Ten's shares were down 3 per cent to 87¢ during trading.
A spokeswoman for Communications Minister Mitch Fifield said the government understands broadcasters are under pressure as a result of technological change and global competition.
"The government cut broadcast licence fees in the last budget and is examining whether further relief can be offered, in the context of the many demands on the budget," she told Fairfax Media.
Late on Thursday afternoon industry peak body Free TV Australia said chief executive Brett Savill has quit after just four months in the role.
"I have formed the view that the role is not the right fit for me and I believe it is the right thing to do to step aside now so that FreeTV can pursue its agenda under a new leader," Mr Savill said.
Free TV Australia chairman Harold Mitchell said he was disappointed the appointment had not worked out.
Meanwhile, metro television ad bookings fell 4.7 per cent in January compared to last year, according to Standard Media Index.
Media buying agencies say advertisers want to pay for the size of the audience reached, so networks can still charge high prices for ads on blockbuster shows.

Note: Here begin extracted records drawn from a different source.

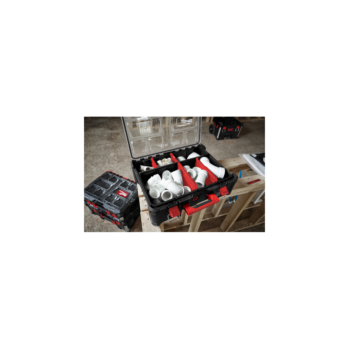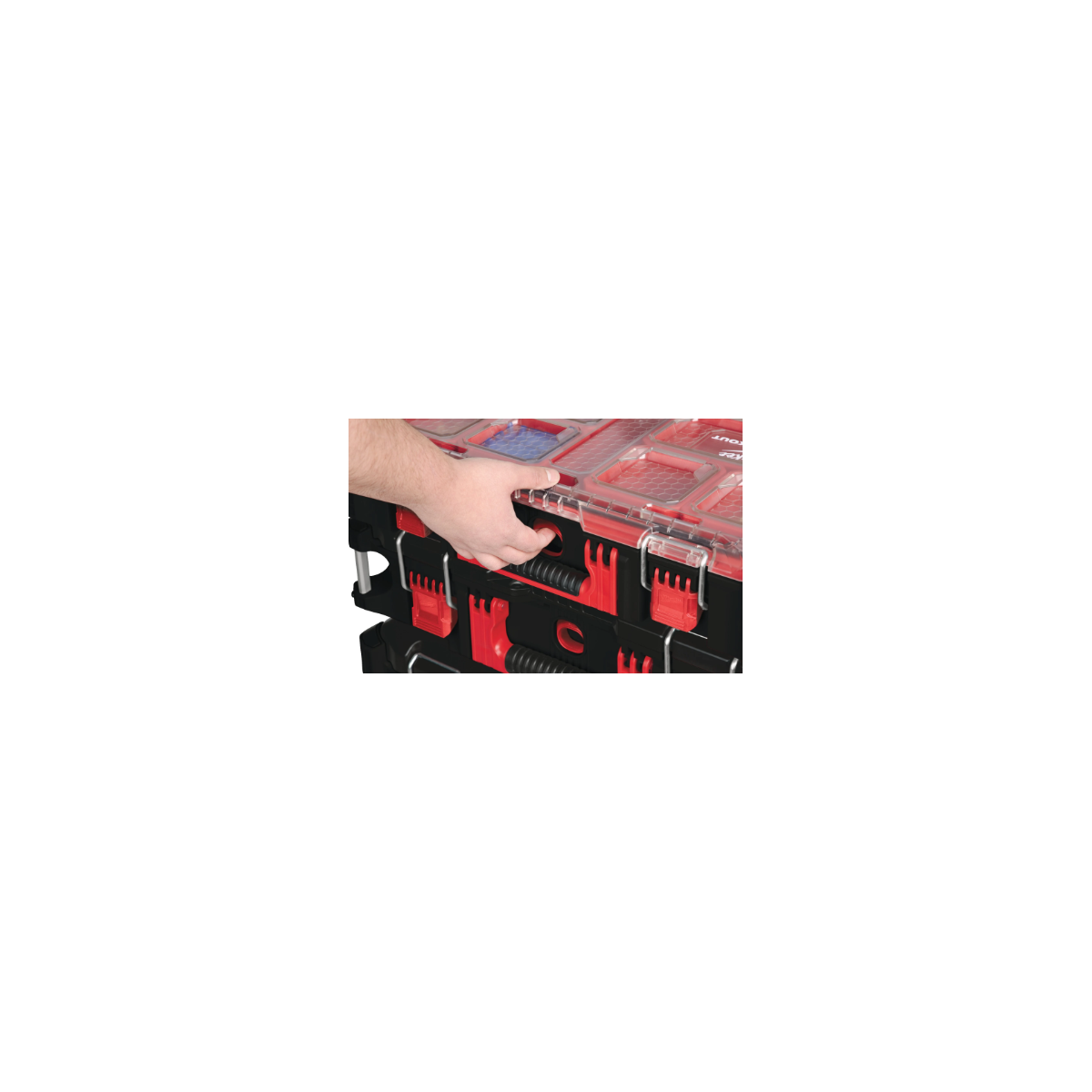 50% più capiente del PACKOUT™ Organiser: ideale per riporre strumenti, batterie, caricabatterie, accessori più grandi e altre attrezzature.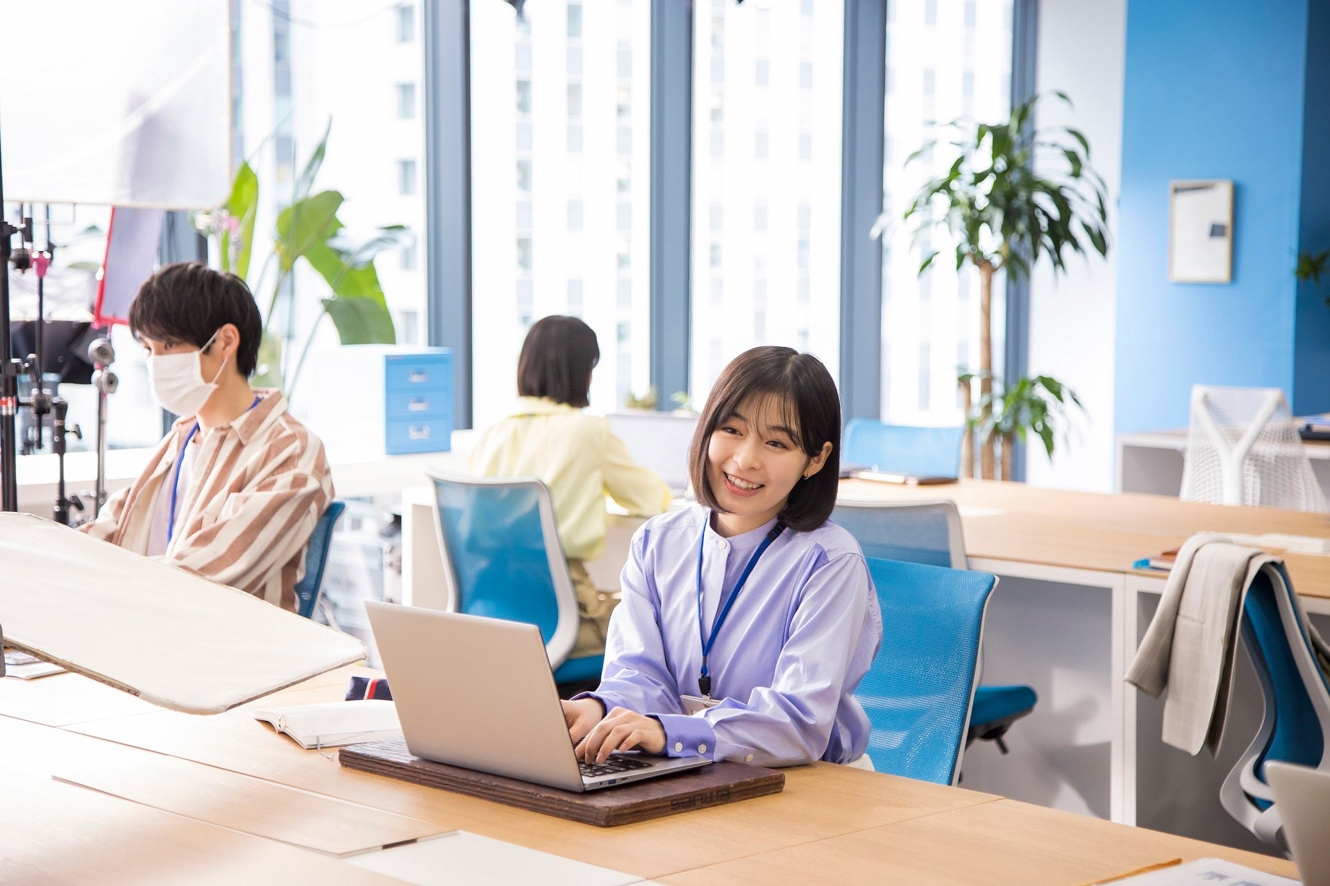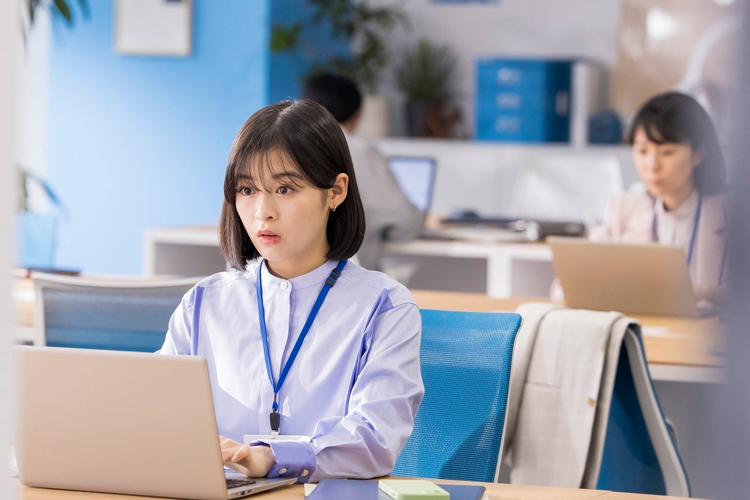 オフィスでの仕事中、「あっ!」と何かに気づく森さん。
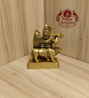 This premium brass figurine features a classic three-figure composition, including a traditional couple and a cow, rendered in a timeless artistic style. Weighing 300 grams with a lustrous gold-tone finish, this piece is an excellent choice for home display, interior styling, and premium gifting.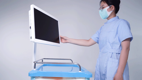 鋁合金材料加厚型顯示器支架,承重力強,無需擔心一體機脫落;可依據護理人員自身情況,對屏幕角度進行調整,上下左右都可傾斜,提高使用者的工作舒適性;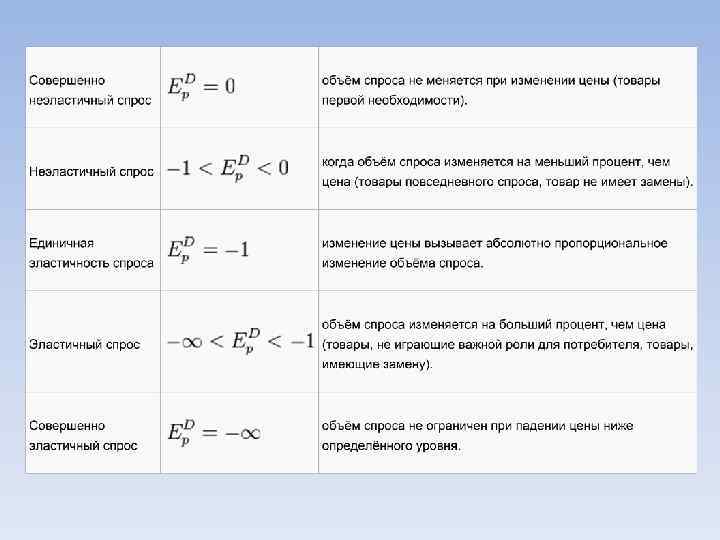 Эластичность спроса помогает узнать, как скажется понижение стоимости товара на объемах их продажи и выручке. Оценка эластичности происходит при помощи коэффициента эластичности, который определяется как отношение процентного изменения одной величины к практическому изменению другой в абсолютных и относительных показателях. Ed= ∆Q/Q : ∆ P/P = (Q 2 –Q 1)/Q 1 : (P 2 –P 1)/P 1 : %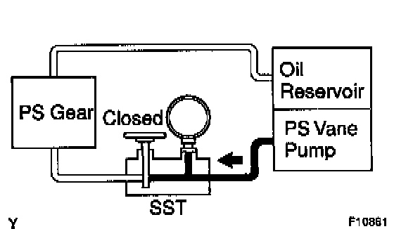 f. With the engine idling, close the valve of the SST and observe the reading on the SST.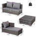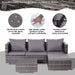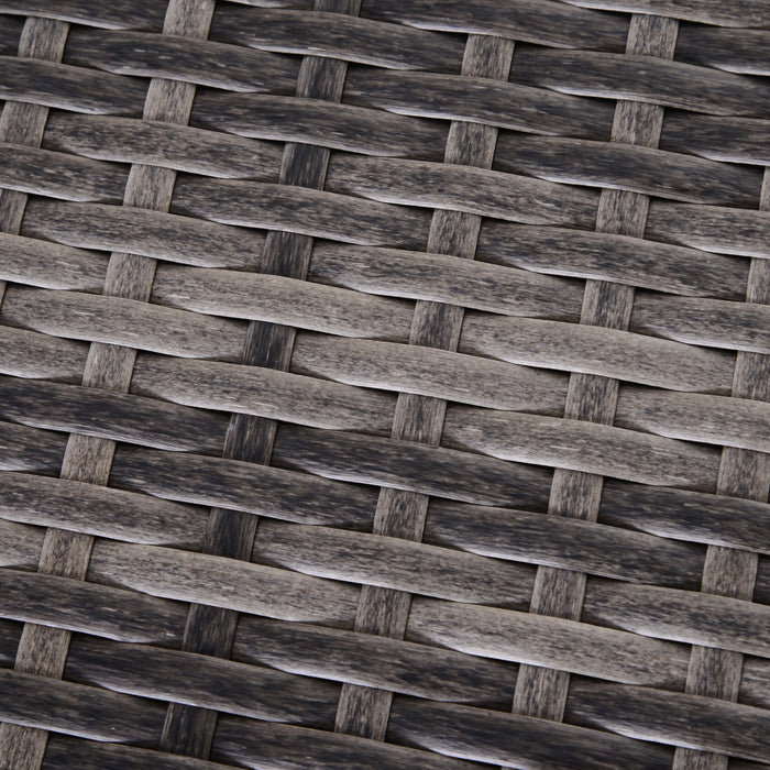 The foundation of this stunning set is its robust metal framing, meticulously wrapped in high-quality PE wicker rattan. This not only ensures a strong and enduring base but also adds an aesthetic touch with its contemporary mixed grey tones. Each piece is crafted to withstand the elements, offering UV resistance and a high degree of resilience against light water damage, maintaining its beauty throughout diverse weather conditions. The easy-to-clean surfaces promise low maintenance for a pristine look year-round.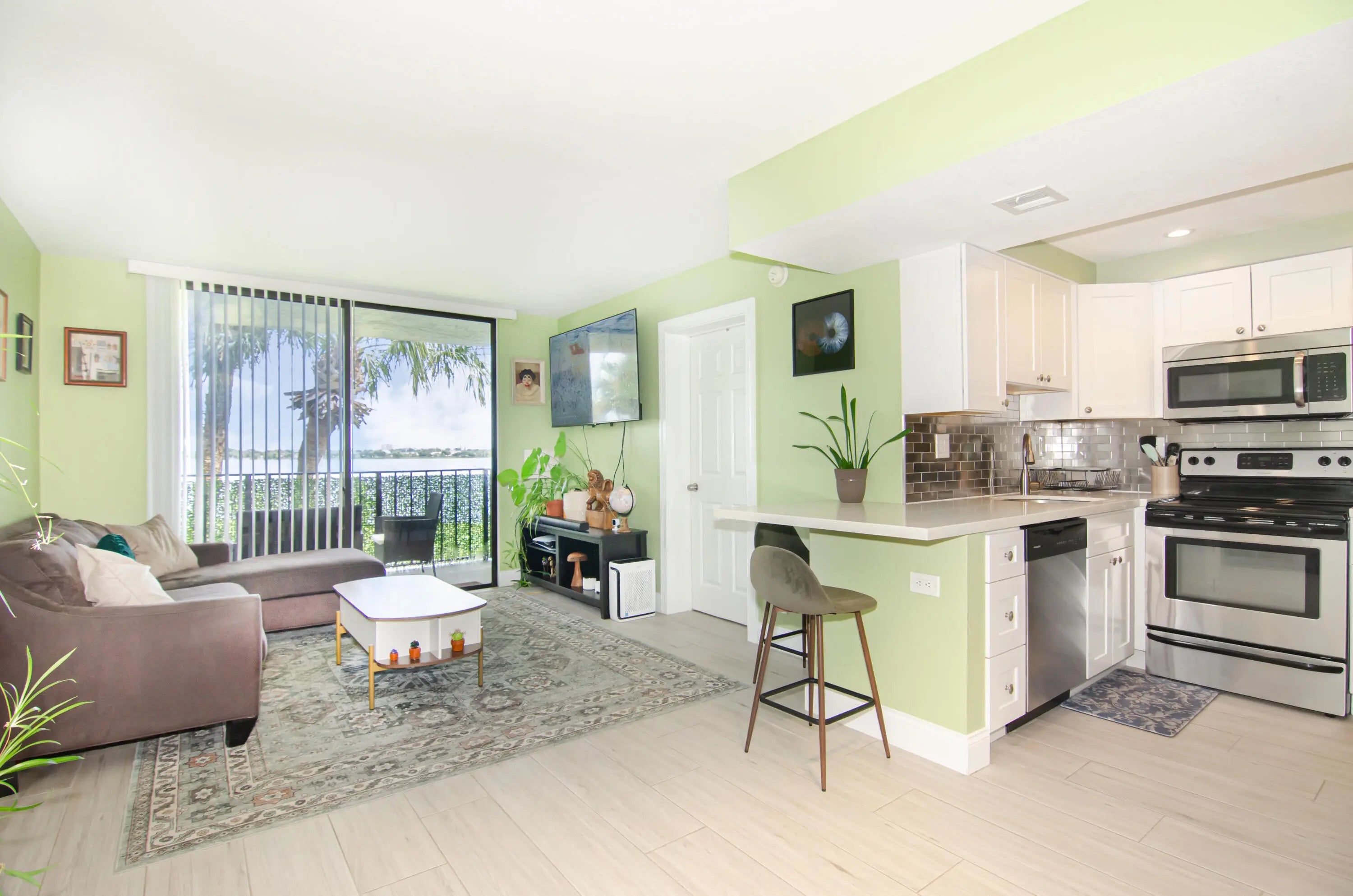 This property offers a truly remarkable waterfront view, providing residents with a tranquil and scenic environment. The unique setting makes it a hidden gem, perfectly tucked away while still being conveniently located near a variety of attractions and amenities. The property features convenient access to local amenities, including a walking and bike path that leads directly to City Place. It is also in close proximity to the Outlet Mall, as well as numerous shopping and dining options, ensuring that everything you need is just moments away. The recently updated unit boasts a bright and spacious layout, which includes two bedrooms and two bathrooms. Modern tile floors, newer appliances, and updated kitchen and bathrooms enhance both comfort and functionality.

But this means advertising prices fluctuate wildly.
What we know from each of the networks making statements to the market is that the [advertising] market is short and terribly tight.
Managing director at Fusion Strategy, Steve Allen
And prices in general have dropped as television competes against online advertising. A 30-second ad during prime time cost about $60,000 five years ago, but has now dropped to roughly $50,000 this year.
A day before Ten's profit warning Seven West Media revealed a 90 per cent drop in first-half earnings, and 30 per cent decline in underlying profit. Analysts are now expecting its full-year pre-tax earnings to be down 22 per cent, 2 percentage points more than the company predicts. Seven's shares dropped 6 per cent to 73¢, but inched back to 75¢ on Thursday.
Nine Entertainment Company is due to report its half-year results on February 23.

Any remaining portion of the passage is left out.